The research question
The primary issue explored and tested in this investigation is whether traceability to the same source ensures statistical equality between high-precision laboratories making measurements on the same set of gauge blocks or, for that matter, any tool or instrument used for calibration. Does the choice of making some primary laboratory A versus primary laboratory B its calibration source make a difference for a secondary laboratory attempting to ensure the highest level of precision in its measurement process and, ultimately, the quality of its products?
The question of traceability with its precision- and reliability-related implications is important not only from a conceptual viewpoint, but also from an empirical perspective. The fact remains that stakeholders in dimensional metrology, whether manufacturers or others, seem heavily influenced by the label of "traceability". They derive from traceability to a nationally accepted source such as NIST in the USA, or from some other high precision laboratory, a sense of security regarding the level of precision it ensures for their measurement process. This research explores whether such a view is justified, or whether it constitutes a misconceived perception. In attempting to test hypotheses that address this issue, the study compares measurements of US primary laboratories with those of NIST. Gauge blocks - a widely used calibration tool and standard - are used as the medium for comparisons between laboratories.
Three sets of hypotheses are tested in this empirical investigation. The first set of hypotheses test for between-laboratory differences based on measurements over time on a given set of gauge blocks. The second set of hypotheses test for between-laboratory differences based on measurements across gauge blocks of different size from a given set at specific points in time. The one hypothesis in the third set serves as a general, yet important hypothesis on traceability.

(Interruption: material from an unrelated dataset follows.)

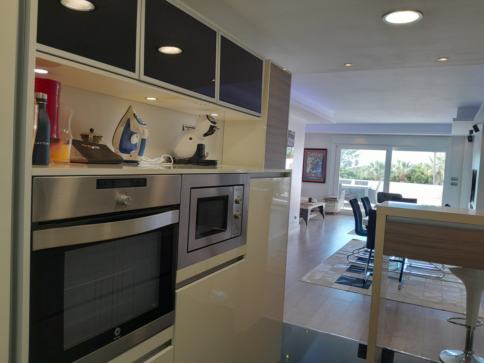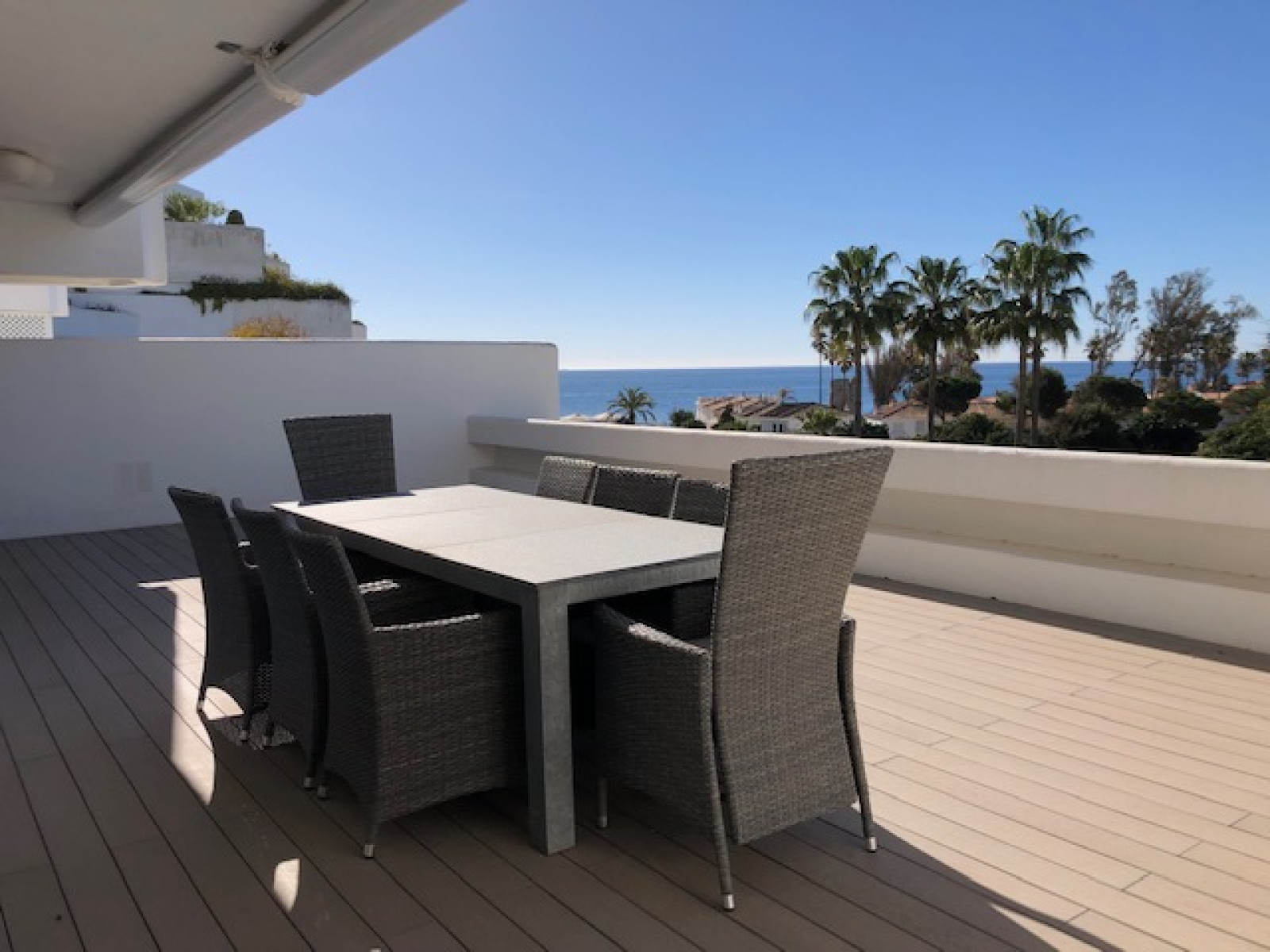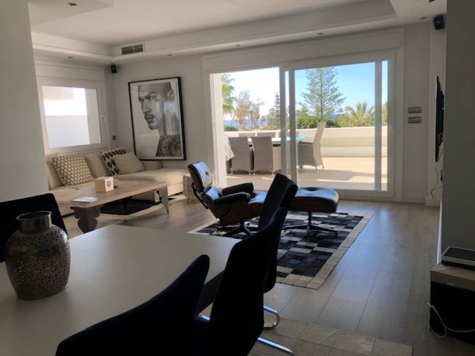 AMPLIO APARTAMENTO CON VISTAS AL MAR. Espectacular apartamento con excelentes vistas al mar en una de las mejores urbanizaciones de Guadalmina Baja, Parque del sol urbanización en primera línea de playa. Este apartamento destaca por su luminosidad y sus vistas al mar. Cuenta con 2 dormitorios dobles, cada una con cuarto de baño en suite. La cocina, totalmente reformada y equipada, se integra perfectamente con el espacioso salón-comedor, creando un ambiente ideal para disfrutar de momentos inolvidables, además fácilmente se puede cerrar, espacioso salón-comedor que da acceso a una amplia terraza de 88 m², con zona relax y comedor para disfrutar de las vistas al mediterráneo. El apartamento dispone de aire acondicionado, armarios empotrados, ventanas con doble acristalamiento. Además, incluye una plaza de garaje subterráneo en el precio. La urbanización cuenta con servicios de primera calidad, como seguridad 24 horas, amplias zonas ajardinadas, una piscina comunitaria y acceso directo a la playa.

Set A: Hypotheses comparing laboratories on their measurements on individual blocks over time
[H.sub.A1]. High-calibration primary laboratories do not differ in their mean of measurements on a given block over time.
[H.sub.A2]. High-calibration primary laboratories display the same level of dispersion (as measured by variance) in their measurements on a given block over time.
[H.sub.A3]. The level of precision high-calibration primary laboratories achieve in their measurements on individual blocks over time is the same for blocks of any size (0.100 to 4.000in. blocks inclusive).
Set B: Hypotheses comparing laboratories on their measurements across blocks at specific points in time
[H.sub.B1]. High-calibration primary laboratories do not differ in their mean of measurements across blocks of a set at any given point in time (year).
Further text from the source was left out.